A campus tour leads to a partnership in Africa
ANN ARBOR—Janis Miller was in the middle of a busy fall semester when a colleague knocked on her office door and asked if she could escort a visiting physician from Africa around the campus. The doctor’s name was Denis Mukwege.
“The first thing I said was, ‘How do I pronounce that?”‘ said Miller, an associate professor at the University of Michigan School of Nursing. “This was so not planned. I was supposed to be somewhere else, some routine meetings.”
She spent the day with the doctor from the Democratic Republic of Congo, and although she couldn’t speak French and his English was limited, the two clicked.
Mukwege (pronounced Mook-WAY-gay) was visiting U-M to receive the Wallenberg Medal, a humanitarian award that honors Raoul Wallenberg—an alumnus who saved tens of thousands of Jews during World War II.

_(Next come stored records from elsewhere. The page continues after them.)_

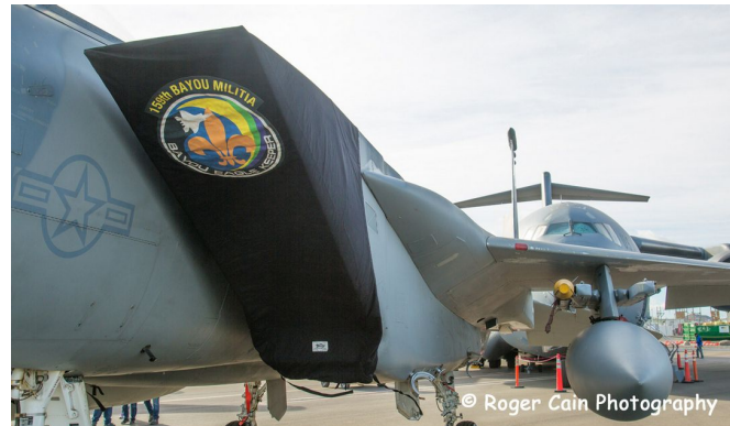
McDonnell-Douglas F-15 Intake Covers
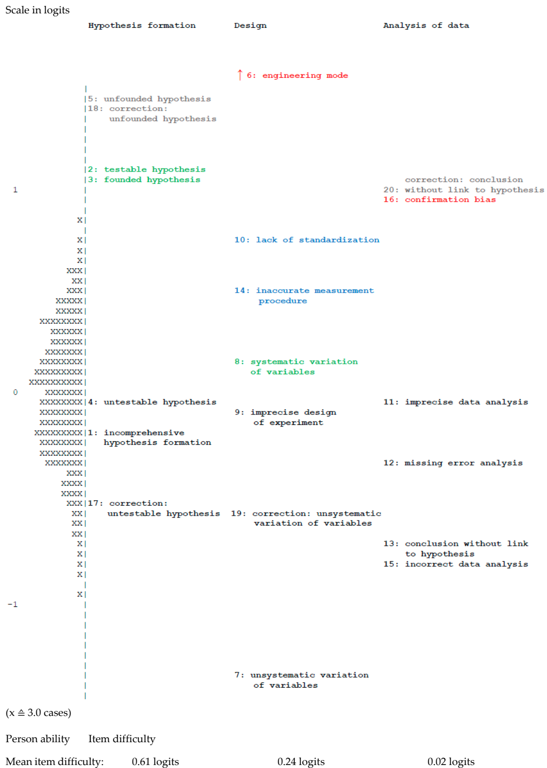
Figure 5. Wright Map of the case-centered 1D IRT modeling of knowledge of what to assess regarding experimentation competences (without item steps) (↑ = the item difficulty is greater than presented).
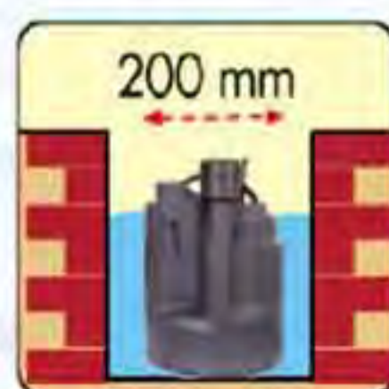
Ideal for limited space.

The ComPac Flotec pumps for clear water are designed to drain domestic water containing particles with a maximum diameter of 5 mm, empty and dry flooded rooms, draw water from wells, basins or cisterns.
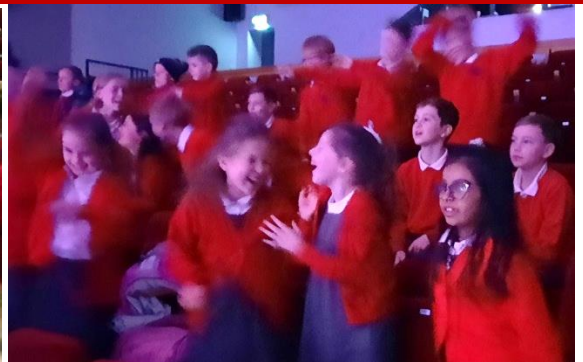
Jack and The Beanstalk
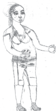
Figure 9. Juggleress, 10 years 11 m
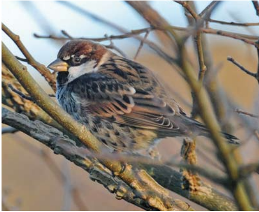
75 Spanish Sparrow / Spaanse Mus Passer hispaniolensis , male, Calshot, Hampshire, England, 13 January 2012 (Chris Thomas)
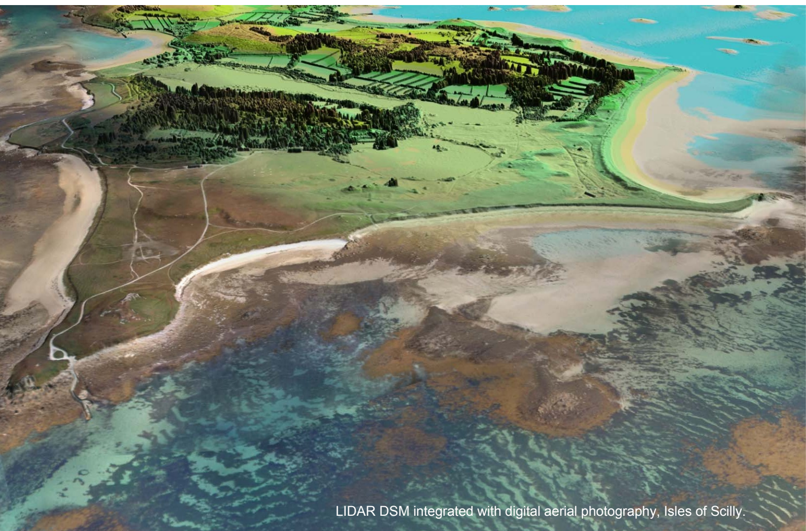
LIDAR DSM integrated with digital aerial photography, Isles of Scilly.

Data download: https://environment.data.gov.uk/DefraDataDownload/?Mode=survey

Miller said she was impressed with how Mukwege took up the rallying cry of Wallenberg that “one can make a difference.” He asked everyone he met that day to do just one thing that would make a difference.
“The request felt very personal,” said Miller, who is also a research associate professor in obstetrics and gynecology at the U-M Medical School.
About a year later, Miller was on a flight to Mukwege’s homeland in central Africa, her first trip to the continent.
That chance meeting on the autumn day in 2010 has since grown into a vital partnership with Panzi Hospital, founded by Mukwege. The institution near the eastern city of Bukavu has developed a global reputation for caring for women in one of the most dangerous places in the world for females.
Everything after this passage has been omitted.